- [Work item] Drop the pictures and repeat exactly from the "Maximum-intensity projections and" line down to the last line of the entries below.

*** Opening of Records supplied ***

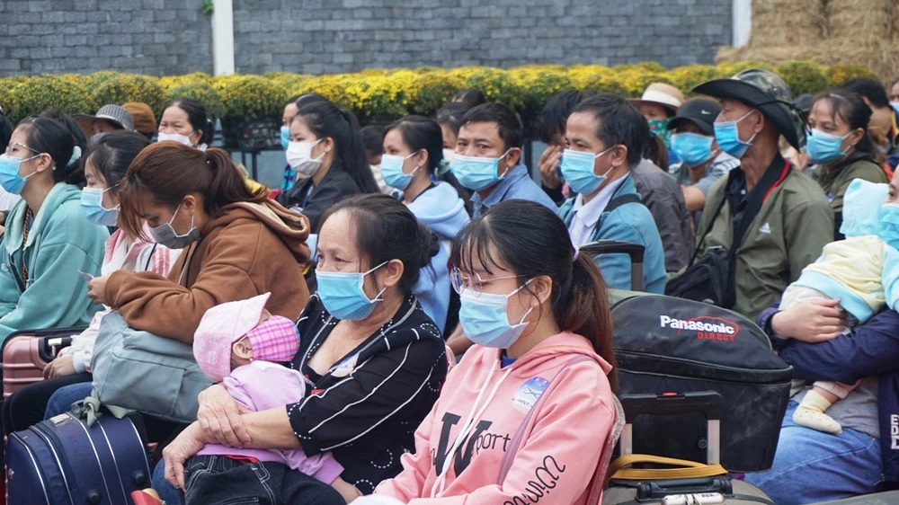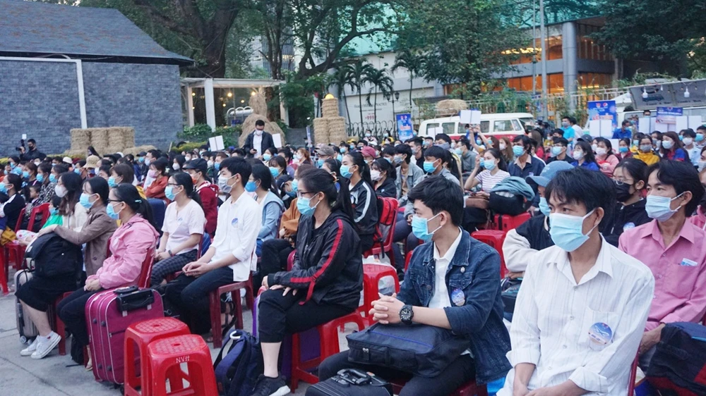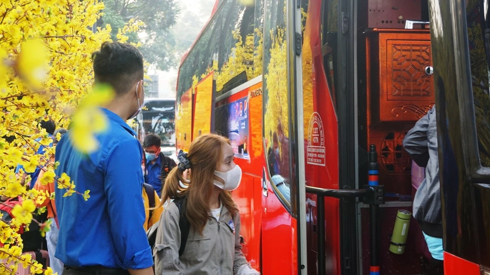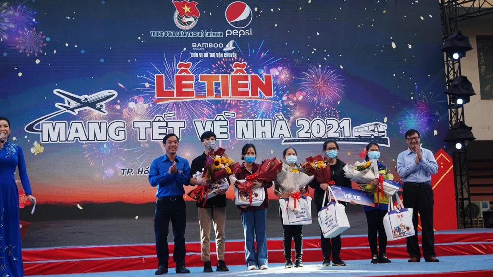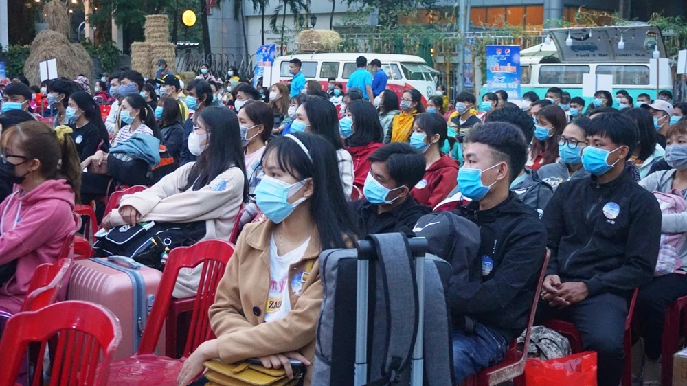 Sáng 1-2, lễ tiễn sinh viên, thanh niên công nhân, người lao động có hoàn cảnh khó khăn về quê ăn tết với tên gọi "Mang Tết về nhà" đã diễn ra tại Nhà văn hóa Thanh Niên.
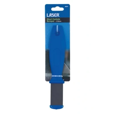 Extra-sharp blade for precise work, ideal for removing gaskets, carbon, rust & paint. Serrated blade for use on grooves, corners or edges on various surfaces. Blade width: 32mm; length: 60mm; total length: 210mm. Ergonomic handle & short shaft ideal for use in tight areas. An extra-long carbide scraper is also available, please see Laser Part No. 8393.
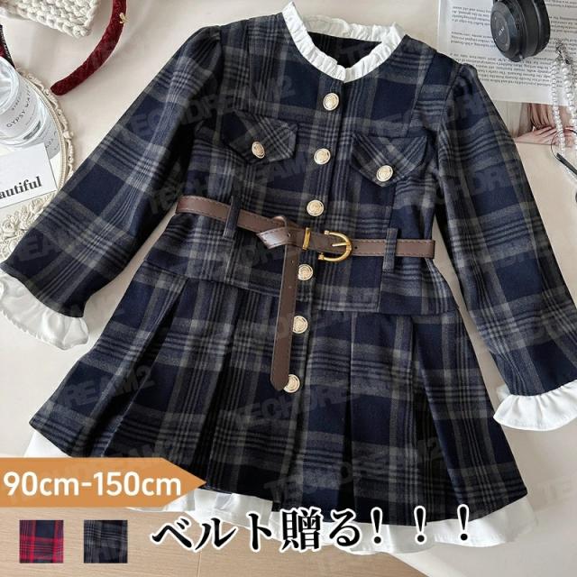 子供服 ワンピース 女の子 子供 フォーマルワンピース ベルト付き 長袖 丸襟 キッズ ワンピース フォーマル ドレス チェック柄 大人っぽい 結婚式 入園式 子ども服 ガールズ キッズ服 韓国風 入学式 卒園式 卒業式 お宮参り 誕生日 記念写真 ピアノ 七五三 発表会 普段着
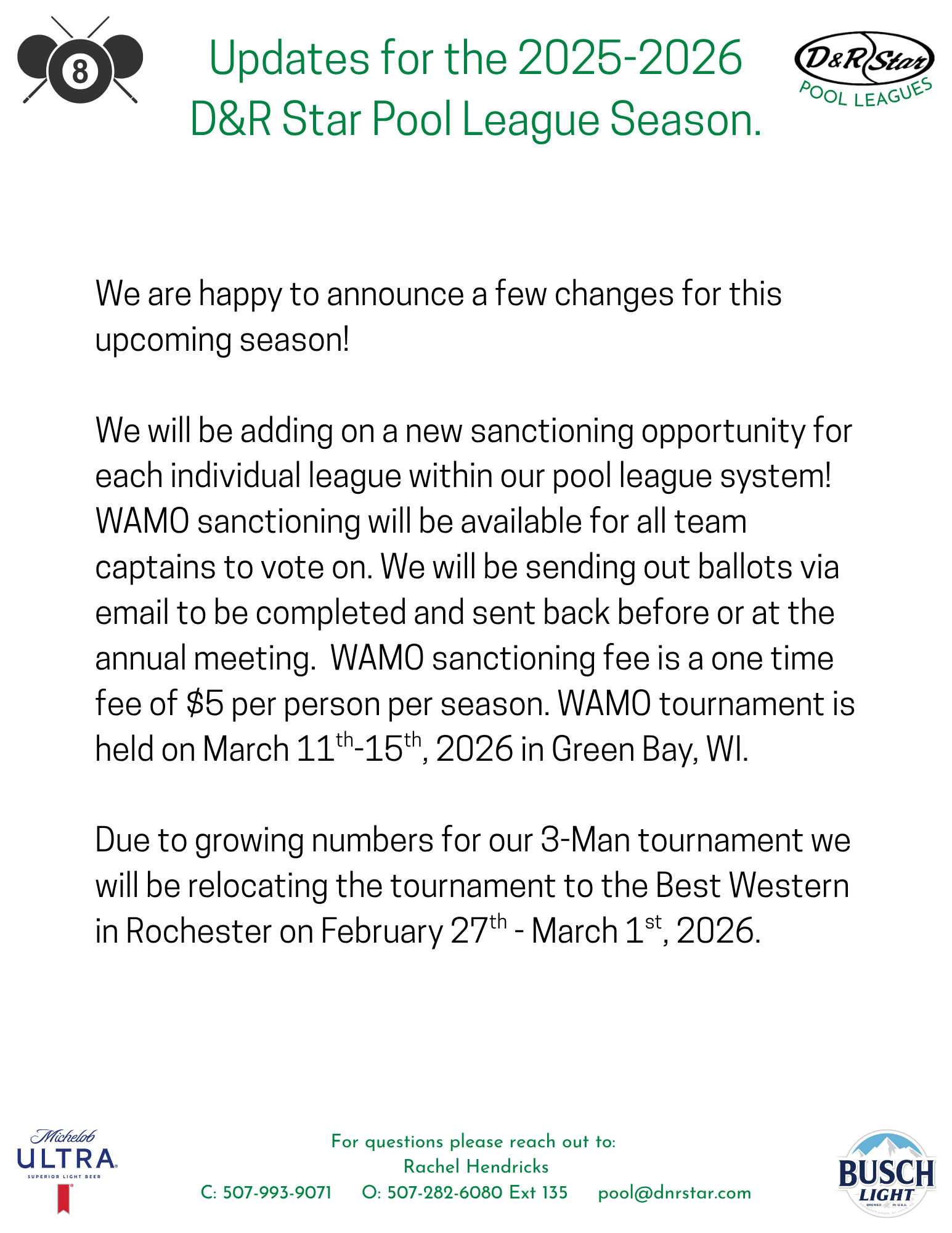 Updates for the 2025-2026 D&R Star Pool League Season
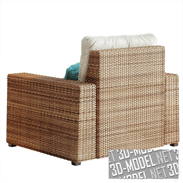 Квадратные подушки на сиденьях и спинках кресел в чехлах из белого текстиля. Несколько декоративных подушек в чехлах с травянисто-зелеными и терракотовыми орнаментами привносят в сцену солнечные, яркие цветные пятна. На столе фарфоровый белый чайник в виде индийского слона, лимоны на белом блюде, лимонад со льдом в прозрачном стеклянном графине и зеленое мелколиственное комнатное растение в белом горшке. Габарит кресла: 106х96х76см. Габариты стола: d83/h50см.
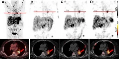 Maximum-intensity projections and transaxial slices of 68Ga-PP-F11N PET/CT (A) and posttherapeutic, quantitative SPECT/CT 72 h after the 1st (B), 2nd (C) and 3rd (D) RLT cycle of 177Lu-PP-F11N, showing metastatic tracer uptake, increasing with the number of RLT cycles. Two weeks prior the 3rd RLT cycle, the patient received additionally 10 mg everolimus daily, resulting in a further increase of tumor uptake. Red arrows indicate a mediastinal tumor lesion. Adapted from Rottenburger et al., 2025. J Nucl Med.
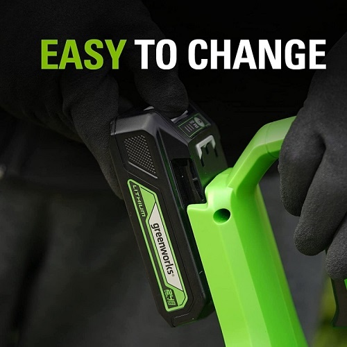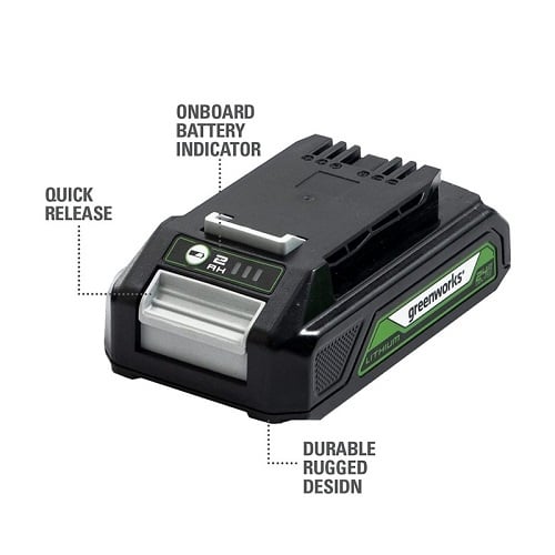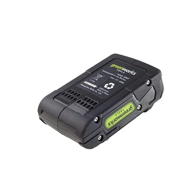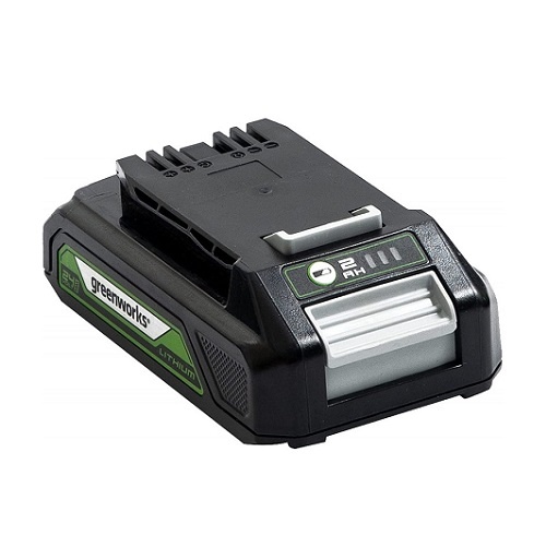De Greenworks lithium ION accu's hebben een 3 x langere levensduur dan NICAD accu’s. De accu's hebben geen geheugen effect “je mag altijd laden en bijladen”. De accu's geven continue een gelijk vermogen en zijn tot 2000x oplaadbaar. De accu’s zijn tevens voorzien van 3 led lampjes welke de nog aanwezige hoeveelheid energie in de accu aangeven. De 24 Volt accu's zijn te gebruiken in alle 24 volt Greenworks machines onafhankelijk van het Ah van de accu. De laadtijd van een G24B2 (2.0 Ah) accu met een G24C acculader is 60 minuten.

*** Close of Records supplied ***

- [Expected answer]
 Maximum-intensity projections and transaxial slices of 68Ga-PP-F11N PET/CT (A) and posttherapeutic, quantitative SPECT/CT 72 h after the 1st (B), 2nd (C) and 3rd (D) RLT cycle of 177Lu-PP-F11N, showing metastatic tracer uptake, increasing with the number of RLT cycles. Two weeks prior the 3rd RLT cycle, the patient received additionally 10 mg everolimus daily, resulting in a further increase of tumor uptake. Red arrows indicate a mediastinal tumor lesion. Adapted from Rottenburger et al., 2025. J Nucl Med.
De Greenworks lithium ION accu's hebben een 3 x langere levensduur dan NICAD accu’s. De accu's hebben geen geheugen effect “je mag altijd laden en bijladen”. De accu's geven continue een gelijk vermogen en zijn tot 2000x oplaadbaar. De accu’s zijn tevens voorzien van 3 led lampjes welke de nog aanwezige hoeveelheid energie in de accu aangeven. De 24 Volt accu's zijn te gebruiken in alle 24 volt Greenworks machines onafhankelijk van het Ah van de accu. De laadtijd van een G24B2 (2.0 Ah) accu met een G24C acculader is 60 minuten.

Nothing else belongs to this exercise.